Spivey thanked the students and faculty for their prayers and support during his absence and then detailed the events that transpired at ground zero at the Pentagon.

"Crashing into the limestone brick and concrete walls of that five-ring building," Spivey stated, "[the plane] penetrated all the way to the 'C' ring. It collapsed the five stories in an area of about 75 feet."

He then told how emergency crews came to rescue and to recover, but "unfortunately it was mostly a recovery operation," he said, as the few who survived were able to walk out on their own.

In the six weeks Spivey served at the Pentagon, he and the Pentagon Family Assistance Center ministered to 184 families. Of those who died, all the passengers on the plane and all but six of those who died in the Pentagon have been identified, Spivey said. "But who were these people?" he asked. A face without a name is almost useless, he said, and a name without a history is almost the same. As the days of helping the families of the victims went by, Spivey began discovering who some of these faceless people were. Some had made plans for what to do in case of a terrorist attack.

One family's dreams evaporated Sept. 11, Spivey recounted, as the husband never again would hear his wife's voice. Some of the faceless people were new to the Pentagon or had recently been transferred into the area struck by the jetliner. One man, a Navy civilian video technician, was known throughout the halls as the "Candy Man" and was said to always have a smile for everyone.

Each name and each face were connected to someone, and each face and name had a life still to be lived.
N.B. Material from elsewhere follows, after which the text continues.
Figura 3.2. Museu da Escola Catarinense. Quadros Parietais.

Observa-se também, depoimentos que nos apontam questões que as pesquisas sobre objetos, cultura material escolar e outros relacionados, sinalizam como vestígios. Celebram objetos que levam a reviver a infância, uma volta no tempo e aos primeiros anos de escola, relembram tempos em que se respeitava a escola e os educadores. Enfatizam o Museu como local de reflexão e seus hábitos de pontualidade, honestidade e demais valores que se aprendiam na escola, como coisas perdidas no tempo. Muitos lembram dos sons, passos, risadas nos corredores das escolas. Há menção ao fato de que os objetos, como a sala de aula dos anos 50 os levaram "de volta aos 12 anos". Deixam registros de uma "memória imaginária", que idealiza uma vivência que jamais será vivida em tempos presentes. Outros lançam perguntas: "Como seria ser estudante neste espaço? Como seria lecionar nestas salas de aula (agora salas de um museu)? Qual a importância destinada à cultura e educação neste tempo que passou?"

To Spivey, however, the attack's greatest devastation was the effect it had on children. Choking back tears, Spivey told of a mother who informed her two young children that their daddy would not be coming home again because he had been killed at the Pentagon. The children broke out into hysterics and began weeping with anguish, Spivey said. A short time later one of the children asked the mother, "Mom, what will we do for the family picture at Christmas this year? Mom, are you going to have to go to work?"

These are the lives connected to the faces of the heroes of Sept. 11, Spivey said. Of the 125 people who died, 55 were soldiers or sailors and 71 were civilians who were "just as equally serving their country even though they were not in a military uniform," he said. Some were of different races and ethnicities and some were from different countries, yet all called this country theirs and faithfully served her.
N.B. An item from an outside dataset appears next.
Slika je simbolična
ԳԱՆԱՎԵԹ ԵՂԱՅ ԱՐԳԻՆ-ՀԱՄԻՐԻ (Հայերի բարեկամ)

Most of those who died were Christians from different backgrounds, he said. Forty were Roman Catholics, 30 were Baptist, 40 others were of Protestant denominations and one was Buddhist.

Spivey told the chapel audience that the military has been preparing for this type of attack for 10 years. Yet the question still remains, why did this happen?

Spivey said the terrorist attack could happen for the same reason Pearl Harbor could be attacked -- simply put, "We were caught unaware.

"We may not have been as ready as we could have been, but I guarantee you we will be ready in the future," Spivey said. "It will not happen again. Yes, there will be something on the horizon, and I guarantee you, your defense forces will be ready."

Spivey concluded by reminding students of their calling to the ministry and the need to be ready to present the gospel.

"There is a thirst for spiritual things. The opportunity for you and me to share the gospel is prime," Spivey said. All Christians must be willing to pay the price and be self-sacrificing and not self-indulgent, he added. "Stop saying someday. Stop saying sooner or later. Someday needs to be now. We don't have time to prepare to die. Now is the accepted time."